**Work required**
Below are lines of records; copy exactly those from the one containing "Carta da parati" through the one containing "Светодиодный настольный светильник", leaving the pictures behind.

——

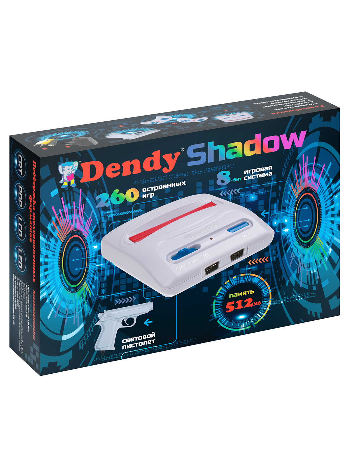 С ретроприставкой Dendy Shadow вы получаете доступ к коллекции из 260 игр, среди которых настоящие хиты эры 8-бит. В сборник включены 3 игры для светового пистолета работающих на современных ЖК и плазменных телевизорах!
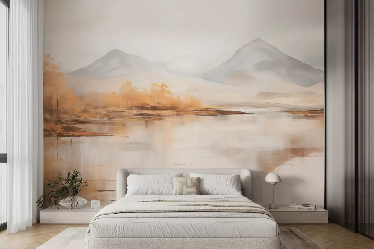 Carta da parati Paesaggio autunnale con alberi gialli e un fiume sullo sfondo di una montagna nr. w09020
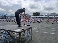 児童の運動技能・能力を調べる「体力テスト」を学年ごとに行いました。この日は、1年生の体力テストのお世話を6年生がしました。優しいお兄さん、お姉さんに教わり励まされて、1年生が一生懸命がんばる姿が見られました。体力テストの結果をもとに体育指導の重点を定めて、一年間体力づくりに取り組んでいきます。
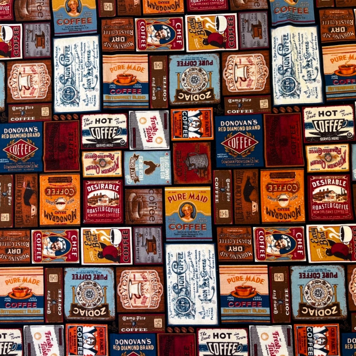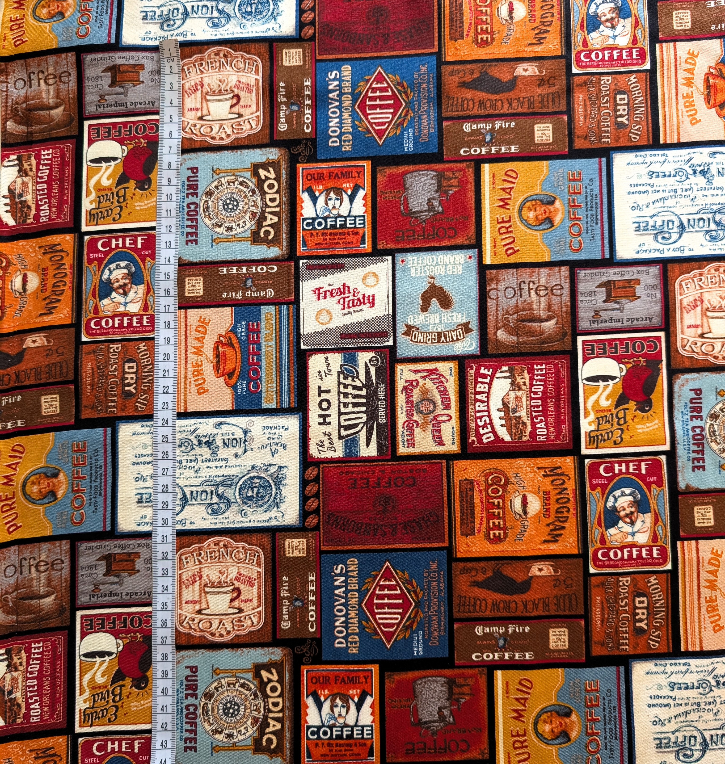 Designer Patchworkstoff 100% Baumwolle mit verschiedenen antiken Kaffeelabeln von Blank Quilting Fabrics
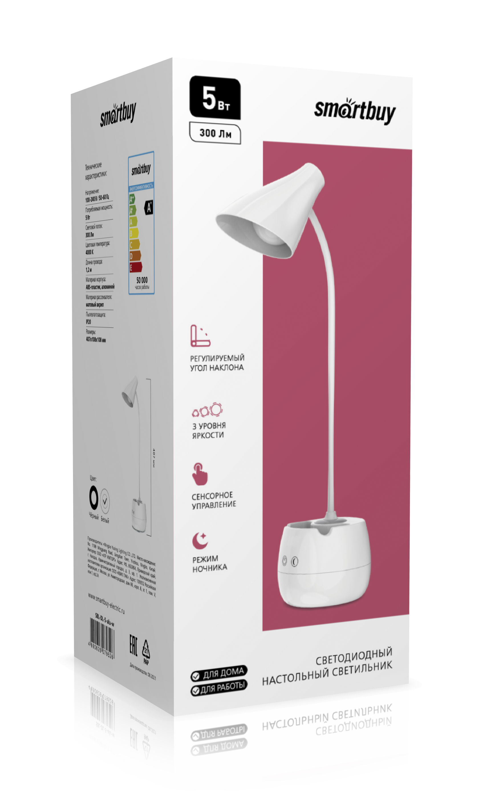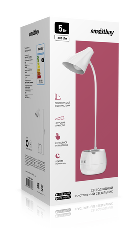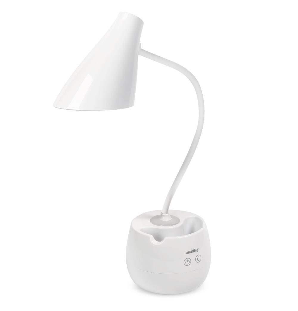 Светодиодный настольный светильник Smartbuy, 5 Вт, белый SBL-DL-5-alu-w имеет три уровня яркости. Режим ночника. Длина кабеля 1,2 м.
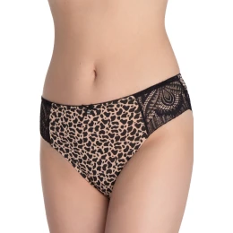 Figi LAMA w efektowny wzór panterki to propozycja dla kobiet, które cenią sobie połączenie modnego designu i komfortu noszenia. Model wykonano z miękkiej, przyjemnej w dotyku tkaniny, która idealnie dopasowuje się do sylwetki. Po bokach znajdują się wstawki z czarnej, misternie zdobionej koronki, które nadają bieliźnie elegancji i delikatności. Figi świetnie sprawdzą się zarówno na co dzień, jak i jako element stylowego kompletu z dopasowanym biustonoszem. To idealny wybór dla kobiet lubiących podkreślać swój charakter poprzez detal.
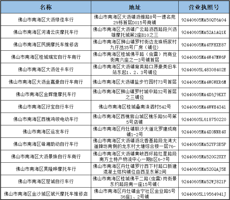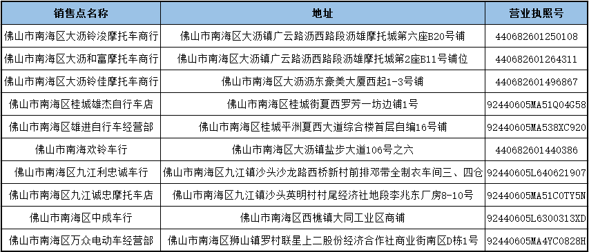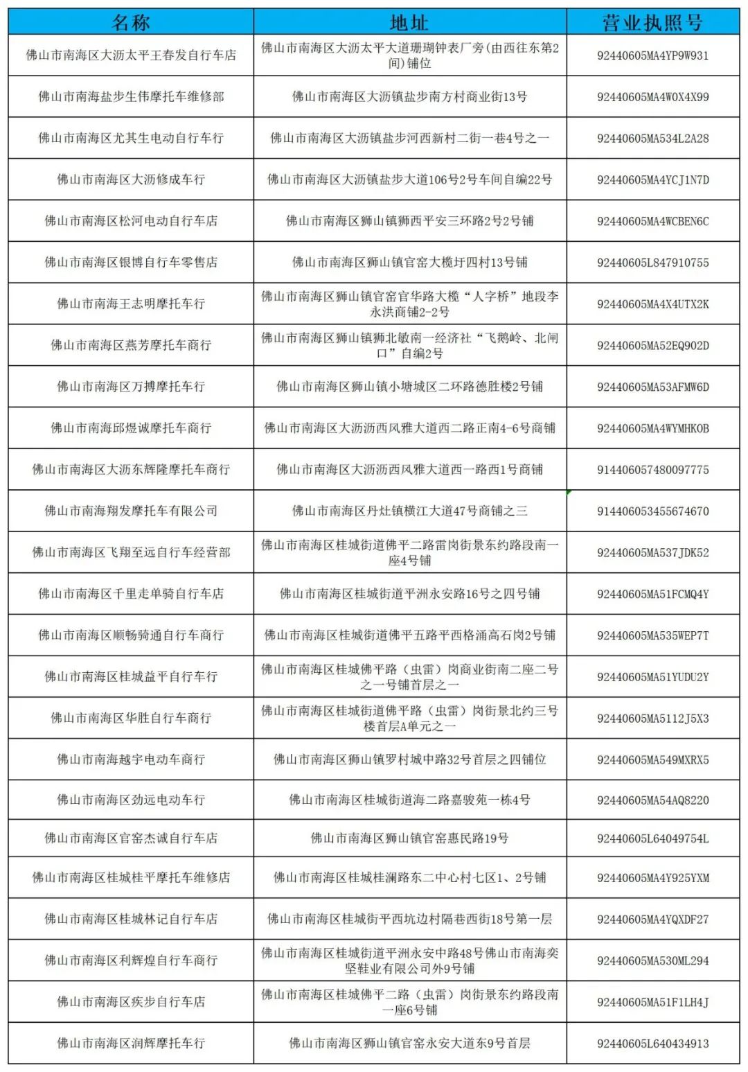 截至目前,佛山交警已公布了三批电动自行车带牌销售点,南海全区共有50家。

——

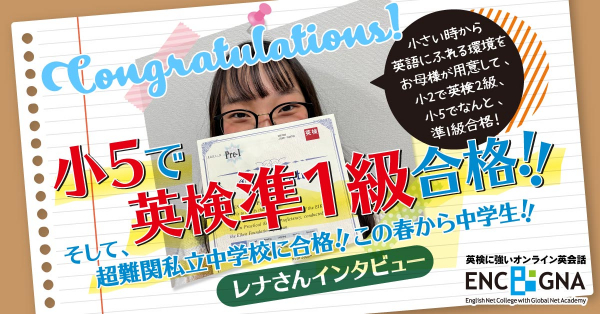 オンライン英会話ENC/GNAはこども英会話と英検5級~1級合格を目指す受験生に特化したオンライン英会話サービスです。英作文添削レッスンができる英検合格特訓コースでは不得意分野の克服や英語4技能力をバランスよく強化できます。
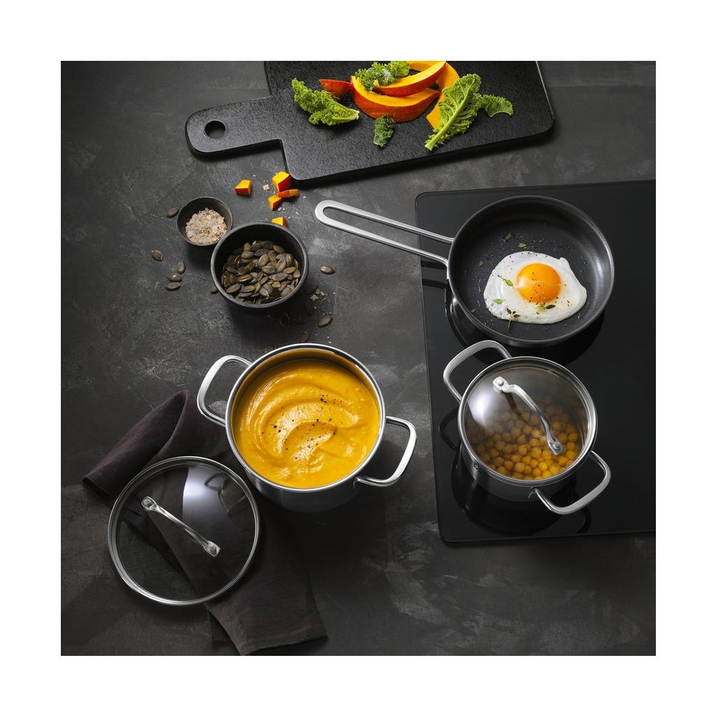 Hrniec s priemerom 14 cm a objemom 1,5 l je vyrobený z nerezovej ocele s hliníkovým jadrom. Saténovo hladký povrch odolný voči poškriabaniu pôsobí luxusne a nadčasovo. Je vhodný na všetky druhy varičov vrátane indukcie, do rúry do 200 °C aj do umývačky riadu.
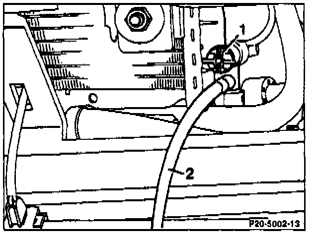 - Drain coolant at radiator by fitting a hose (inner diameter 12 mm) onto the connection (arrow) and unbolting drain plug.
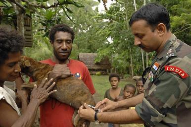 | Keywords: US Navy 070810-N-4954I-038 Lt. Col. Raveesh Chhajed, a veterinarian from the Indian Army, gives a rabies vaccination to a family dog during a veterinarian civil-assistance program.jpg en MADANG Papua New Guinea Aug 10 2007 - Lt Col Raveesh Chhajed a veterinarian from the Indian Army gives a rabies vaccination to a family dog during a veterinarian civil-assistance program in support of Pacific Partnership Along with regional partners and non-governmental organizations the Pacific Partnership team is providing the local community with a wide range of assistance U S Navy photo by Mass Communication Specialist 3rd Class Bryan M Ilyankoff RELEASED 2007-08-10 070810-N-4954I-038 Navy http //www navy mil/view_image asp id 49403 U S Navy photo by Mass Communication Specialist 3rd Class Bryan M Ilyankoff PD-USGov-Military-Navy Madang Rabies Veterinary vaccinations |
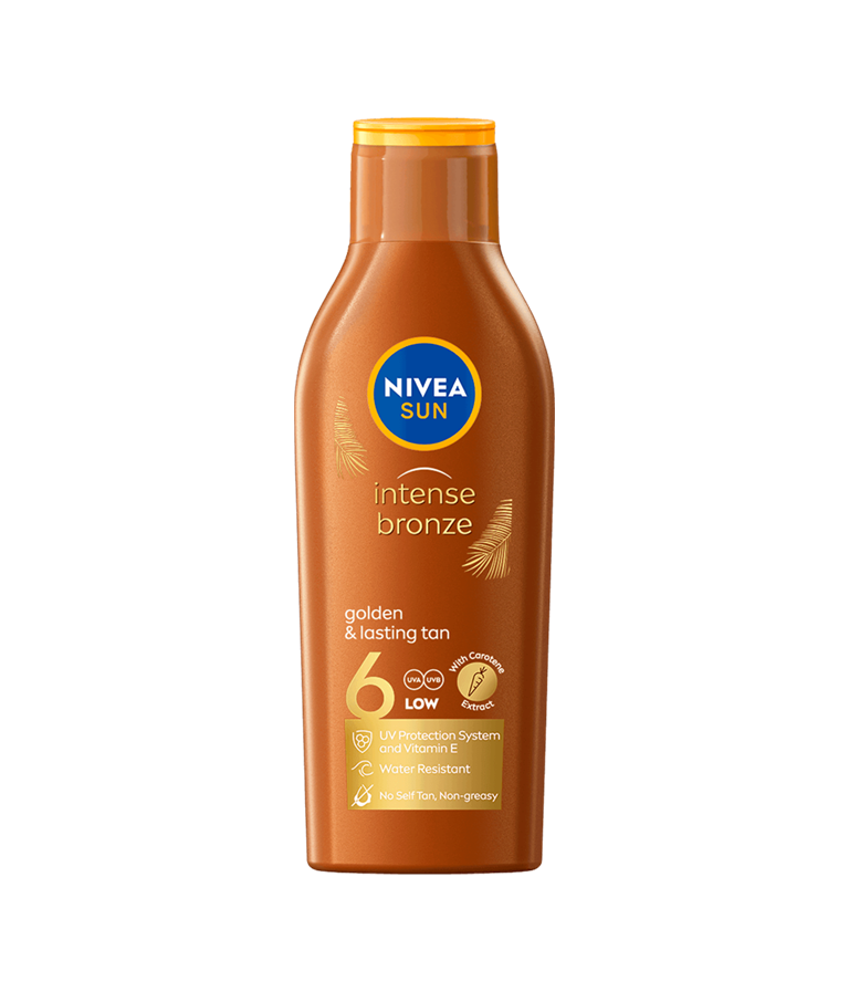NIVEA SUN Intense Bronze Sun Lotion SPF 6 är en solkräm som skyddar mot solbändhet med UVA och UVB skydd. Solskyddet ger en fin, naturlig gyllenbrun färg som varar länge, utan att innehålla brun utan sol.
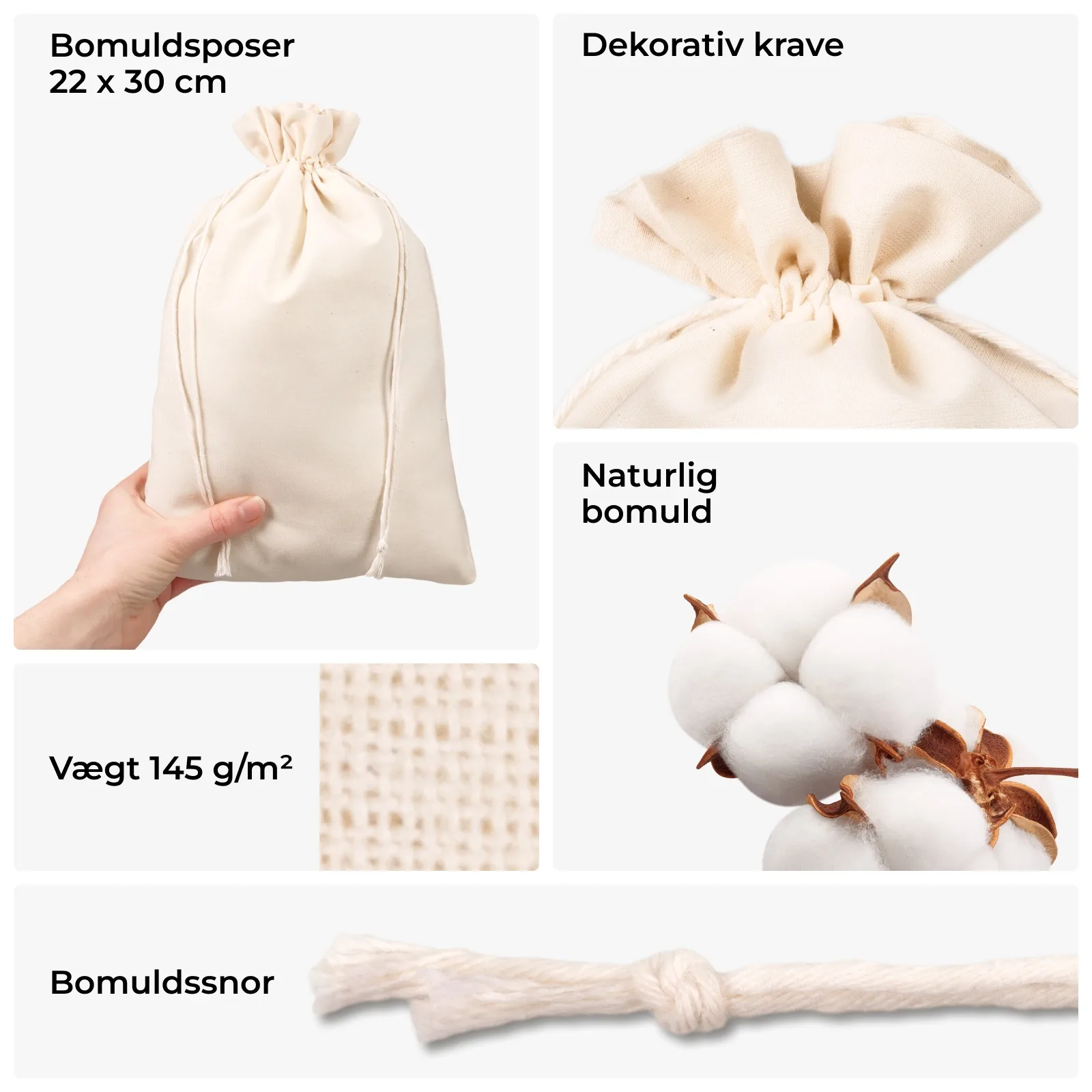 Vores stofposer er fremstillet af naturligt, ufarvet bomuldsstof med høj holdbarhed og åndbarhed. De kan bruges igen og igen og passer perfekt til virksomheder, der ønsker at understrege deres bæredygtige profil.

——

**Reply**
 Carta da parati Paesaggio autunnale con alberi gialli e un fiume sullo sfondo di una montagna nr. w09020
 児童の運動技能・能力を調べる「体力テスト」を学年ごとに行いました。この日は、1年生の体力テストのお世話を6年生がしました。優しいお兄さん、お姉さんに教わり励まされて、1年生が一生懸命がんばる姿が見られました。体力テストの結果をもとに体育指導の重点を定めて、一年間体力づくりに取り組んでいきます。
 Designer Patchworkstoff 100% Baumwolle mit verschiedenen antiken Kaffeelabeln von Blank Quilting Fabrics
 Светодиодный настольный светильник Smartbuy, 5 Вт, белый SBL-DL-5-alu-w имеет три уровня яркости. Режим ночника. Длина кабеля 1,2 м.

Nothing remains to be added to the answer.